All of the lenders have raised funds using SPVs, structures that typically have no employees and can borrow on behalf of a sponsor company elsewhere by selling bonds. Ireland has become a global hub for SPVs, and is now home to about 1,100 of them with 333 billion euros ($397 billion) of assets, according to data from the nation’s central bank. The entities generated 284 million euros in fees last year for the firms that arrange them, the regulator estimates.
Russians are among the most active sponsors of Irish SPVs, accounting for about 14 percent of their assets, or some 47 billion euros, central bank figures show. Regulators in Dublin, who began amassing data on the sector several years ago, have struggled to analyze some entities because of “the complexity and opaqueness of their transactions,” according to a July 2015 report.

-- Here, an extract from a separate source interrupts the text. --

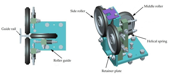 Guide shoes, which serve as critical components connecting the car and guide rails, are generally classified into two types: sliding shoes and roller guides. Roller guides provide superior performance compared with sliding shoes by replacing sliding friction with rolling friction under pre-tightening force, thereby enhancing vibration damping and reducing operational noise. Additionally, roller guides do not require lubrication, which simplifies maintenance and improves system reliability. Owing to these advantages, roller guides are commonly employed in high-speed elevators. In this study, the term guide shoe specifically refers to the roller guide. A typical roller guide is illustrated in Figure 3. To prevent derailment, a retainer plate is usually mounted on the shoe base, with a notch that engages the rail. During normal operation, the rollers remain in continuous contact with the guide rails under pre-tightening force, while the clearance between the retainer plate and the rail allows slight car oscillations—an assumption commonly adopted in previous studies [1,2,3,4] on elevator car horizontal vibration. However, under strong wind or earthquake excitations, the car may experience severe vibrations, resulting in frequent impacts between the retainer plate and the guide rail, and in extreme cases, leading to derailment. Based on mechanical analysis, the guide shoe is modeled as a multi-spring–damper system, as illustrated in the enlarged view in Figure 2. Notably, the viscous damping elements are depicted to schematically represent the general form of guide shoe–rail interaction. In the subsequent analysis, the contact force is primarily governed by the stiffness component, while the local damping effect is not explicitly considered.

Credit Bank of Moscow’s SPV is overseen by Cafico International, a Dublin-based accounting firm that has structured many Russian-linked entities from an office close to the childhood home of Oscar Wilde on Merrion Square. Rodney O’Rourke, managing director at Cafico, didn’t respond to emails and phone calls seeking comment. Katie Philpott, a spokeswoman for Ireland’s central bank, declined to comment.
While many companies set up Irish SPVs for legitimate purposes, some have allegedly been misused. At least two Russian lenders, Vneshprombank and Tatfondbank, used them to raise funds before they foundered amid accusations of fraud and embezzlement.
Peresvet, which had been part-owned by the Russian Orthodox Church, used an Irish SPV until it imploded in 2016, burning subordinated bondholders and forcing a 66.7-billion-ruble bailout by a bank owned by Rosneft. Polunin, the executive now at Credit Bank of Moscow, was tapped to lead the rescue.
Meanwhile, Credit Bank of Moscow continues to draw closer to Rosneft. In April, a pension fund for Rosneft workers merged with a fund belonging to Avdeev, bringing together 110 billion rubles under management.
“This is just one of several stories that illustrates the risks you run if you’re an international financial center,” Stefan Gerlach, deputy governor at the Irish central bank until 2015, said in an interview. “Politicians in Ireland have been so gung-ho on it because they recognize that it generates employment and tax revenues. But they haven’t recognized that it can be source of reputational risk and can also be a source of serious concerns.”